= Exercise brief =
Could the lines from the line bearing "Los datos de" to the end of the records below be copied exactly, with the pictures left out and no other lines added?

= Source material =

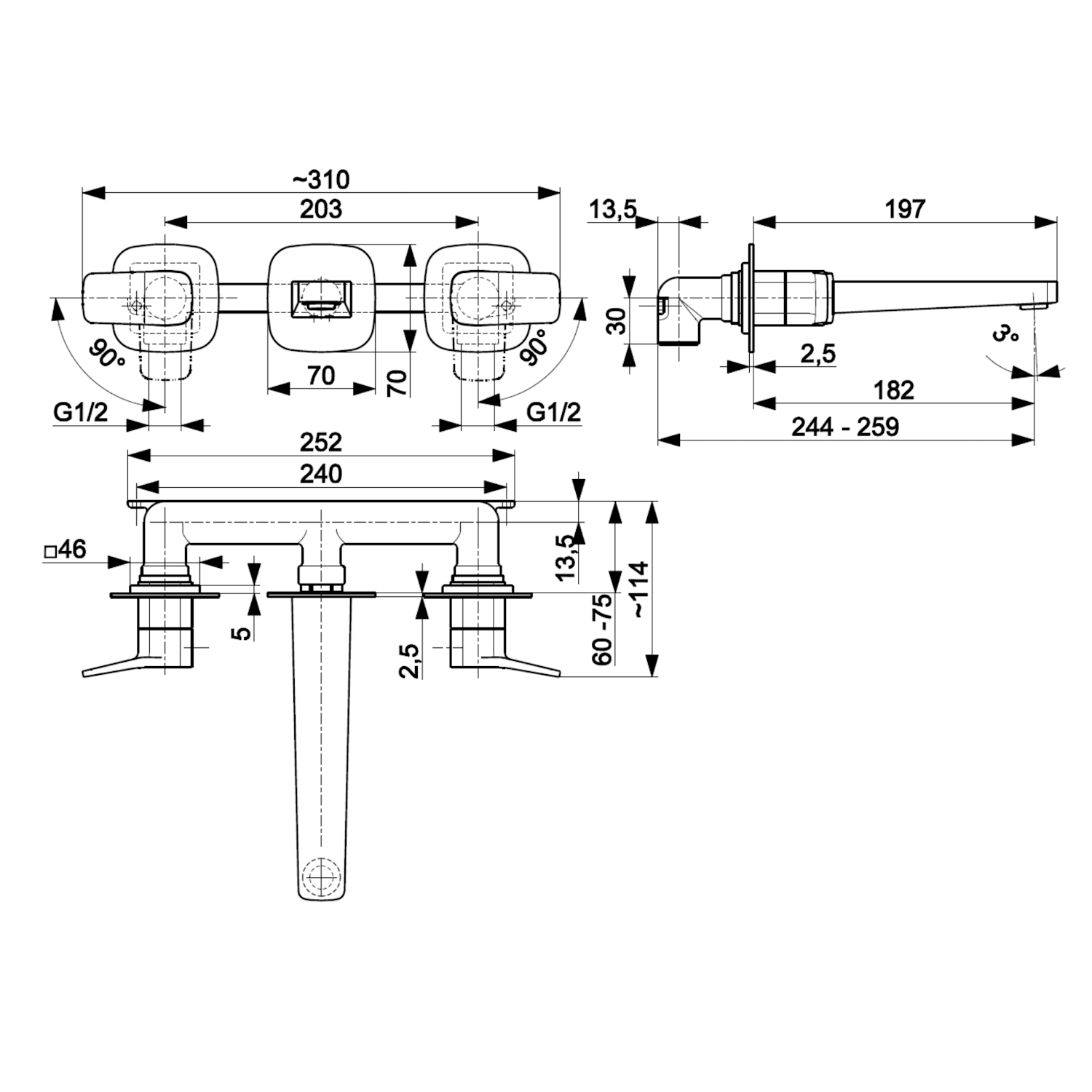 | Особенности смесителя | На 3 отверстия, Со встроенной частью |
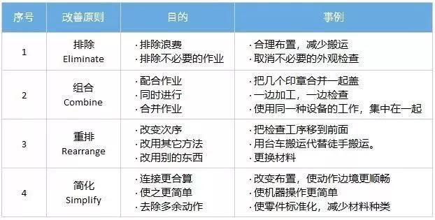 程序分析法(ECRS):整體性制造過程各作業運用剔除、合并、重排與簡化使之合理化。
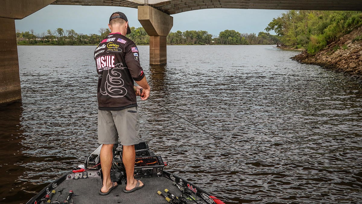 Riprap: Noting that a small stretch of bridge riprap in the creek is easier to dissect than a mile-long causeway, Crews starts with a SPRO Baby Fat John 50, which runs 2 feet and stays in front of the shallower fish.
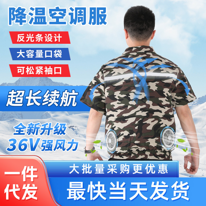[Harga Spesial Seluruh Jaringan] Pakaian AC Lengan Pendek Pakaian Kipas Lokasi Kebun Musim Panas Pakaian Kerja Perlindungan Tenaga Kerja Model yang Sama untuk Pria dan Wanita
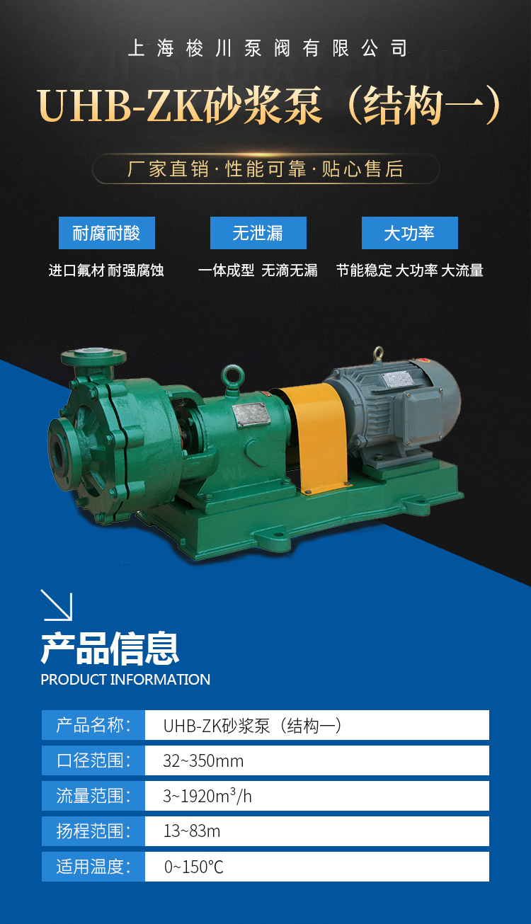 用途 本產品廣泛適用于:酸、堿、鹽、油類、食品飲料、酒類、有機溶劑等液體,尤其適用于輸送含細穎粒狀的強腐蝕性液體。 適用溫度:-20℃~80℃ 設計特點 耐離耐磨 UHB-zK型系列砂漿泵為懸臂式單級、單吸離心泵,其過流部件采用鋼襯超高分子量聚乙烯制造,具有較強的耐腐蝕性、卓越的耐磨性、抗蠕變性(耐環(huán)境應力開裂),同時采用金屬基體結構,提高了產品的承壓能力。 多功能 一種泵能適應各種不同的工況。如:既可以輸送酸、堿類清液或料漿,也可以輸送冶煉行業(yè)各種腐蝕性礦漿,還可以輸送硫酸行業(yè)各類稀酸、環(huán)保行業(yè)的各類污水等。 多種密封 該系列泵采用多種密封方式:K型動力密封、單端面機械密封、集裝式機封和雙端面機械密封,可根據具體工況條件選用。
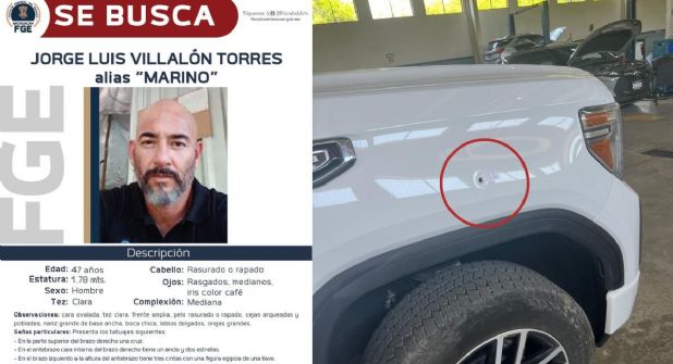 Los datos de identificación de Jorge Luis Villalón Torres, el Marino, son: hombre de 47 años, complexión mediana, estatura 1.78 metros aproximadamente; tez clara, frente amplia; pelo rasurado o rapado, cejas arqueadas y pobladas, ojos rasgados y medianos de iris café; nariz grande de base ancha; boca chica de labios delgados y orejas grandes.
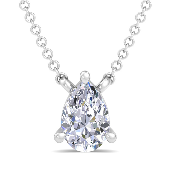 1/2 Carat Pear Shape Lab Grown Diamond Solitaire Necklace In 14 Karat White Gold
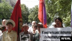 «Україно, геть із Криму!» – кілька десятків активістів Народного фронту «Севастополь – Крим – Росія» налаштовані рішуче. Вони прийшли на пікетування з портретами мера Москви Юрія Лужкова, оголошеного Києвом персоною «нон грата» на території України.
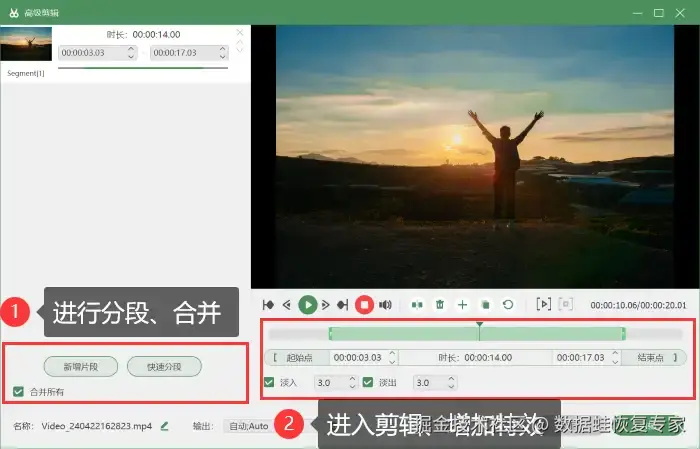 步骤5:录制完成后,可以直接通过预览视频进行保存,也可以点击进入 【高级剪辑】 页面对视频进行即时的剪辑、增加特效等操作,让您的视频更加精彩!

= Task output =
 Los datos de identificación de Jorge Luis Villalón Torres, el Marino, son: hombre de 47 años, complexión mediana, estatura 1.78 metros aproximadamente; tez clara, frente amplia; pelo rasurado o rapado, cejas arqueadas y pobladas, ojos rasgados y medianos de iris café; nariz grande de base ancha; boca chica de labios delgados y orejas grandes.
 1/2 Carat Pear Shape Lab Grown Diamond Solitaire Necklace In 14 Karat White Gold
 «Україно, геть із Криму!» – кілька десятків активістів Народного фронту «Севастополь – Крим – Росія» налаштовані рішуче. Вони прийшли на пікетування з портретами мера Москви Юрія Лужкова, оголошеного Києвом персоною «нон грата» на території України.
 步骤5:录制完成后,可以直接通过预览视频进行保存,也可以点击进入 【高级剪辑】 页面对视频进行即时的剪辑、增加特效等操作,让您的视频更加精彩!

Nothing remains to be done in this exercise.